Боюсь, что читатель, прочитав это, еще более укрепится в мысли, что я ратую за то, чтобы каждый стал работником умственного труда. Ничего подобного. Нам надо различать интеллигенцию как социальную профессиональную общность и интеллигентность как качество личности человека. Стать интеллигентным человеком это не означает, предположим, поступить на сценарный факультет Института кинематографии. Увы, и окончив его, можно остаться человеком, этим качеством обделенным. Интеллигентность — показатель духовности человека. Ею может обладать рабочий, крестьянин, военнослужащий вне зависимости от его звания и должности, студент и старшеклассник. Ни аттестатом, ни дипломом, ни ученой степенью, ни принадлежностью к творческому союзу, ни высоким правительственным постом удостоверить наличие интеллигентности у человека не удастся. Мне знакомы профессора, которые только по недоразумению могут быть причислены к интеллигентным людям, и я знаю электросварщика и медсестру, которые бесспорно к ним принадлежат.

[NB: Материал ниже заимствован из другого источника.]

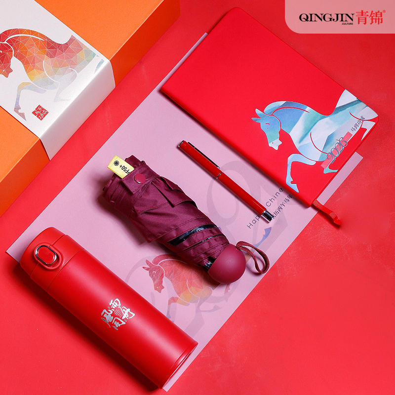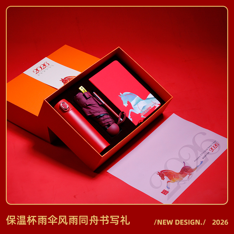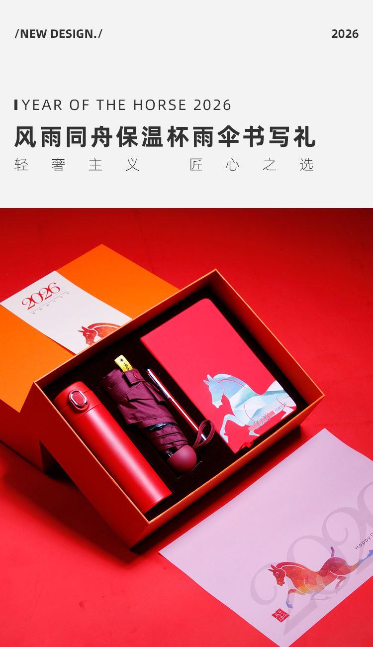 2026马年贺岁-顺风顺水保温杯雨伞商务四件装送客户送朋友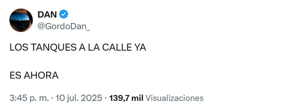 «LOS TANQUES A LA CALLE YA. ES AHORA», escribió Parisini en su cuenta de X. El Gordo Dan vive del dinero del Estado, como su madre, llamada Alejandra Olmedo, y su pareja.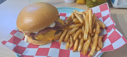 Mi primera experiencia fue muy agradable, fuimos con mi bebe y pensamos que tardarían un montón, no fue el caso incluso pedí que me adelantarán papás de mi orden (para mi niña) y sin ningún problema y con toda la disposición lo hicieron, el lugar el pequeño pero no te abruma porque es un espacio limpio y despejado de cosas innecesarias, solo esta el que atiende el mostrador, que igualmente es el que te entrega el menú toma, tu orden, entrega y cobra. A pesar de haber 2 mesas adelante, no fue mucha la espera y la comida deliciosa me gustó muchísimo y te llevan pepinillos y chiles en escabeche a la mesa, compré un aderezo blue cheese ($10) y si que era un aderezo riquísimo con trocitos de queso😍 lo ame, los palitos de queso Super! Con salsa de tomate italiano fresco las papas preparadas estaban muy bien echas para nada aguadas como se esperaría por estar bañadas y la malteada muy rica... Pero descubrí que no me gusta cereal en mi malteada jeje y si no están interesados en una gaseosa las aguas están muy ricas yo pedí una de Jamaica 👍 en general fue una muuuy buena experiencia!! Lugar limpio, exelente atención, servicio rápido y la comida uff👍👍 hace rato que no disfrutaba de algo bueno de...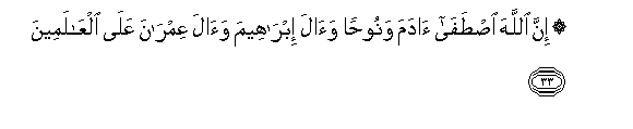 33. Inna Allaha istafa adama wanoohan waala ibraheema waala AAimrana AAala alAAalameena

Стать интеллигентным человеком это, таким образом, не означает осуществить профессиональное самоопределение, это значит сформировать у себя совокупность важнейших качеств духовности, которыми обладали лучшие представители русской интеллигенции, давшие нашей стране и всему миру В. И. Ленина, Г. В. Плеханова, В. Г. Короленко, А. П. Чехова, Н. И. Вавилова, Л. Н. Толстого, В. Э. Мейерхольда, Б. Л. Пастернака, М. А. Булгакова, П. А. Флоренского и многих других замечательных людей.
О каких же чертах личности интеллигентного человека идет речь? О некоторых уже было сказано. Ну, например, принципиальность и личная порядочность, несомненно, должны войти в состав этих качеств личности. Но их значительно больше. Не берусь составлять какой-либо их реестр, но о важнейших упомяну.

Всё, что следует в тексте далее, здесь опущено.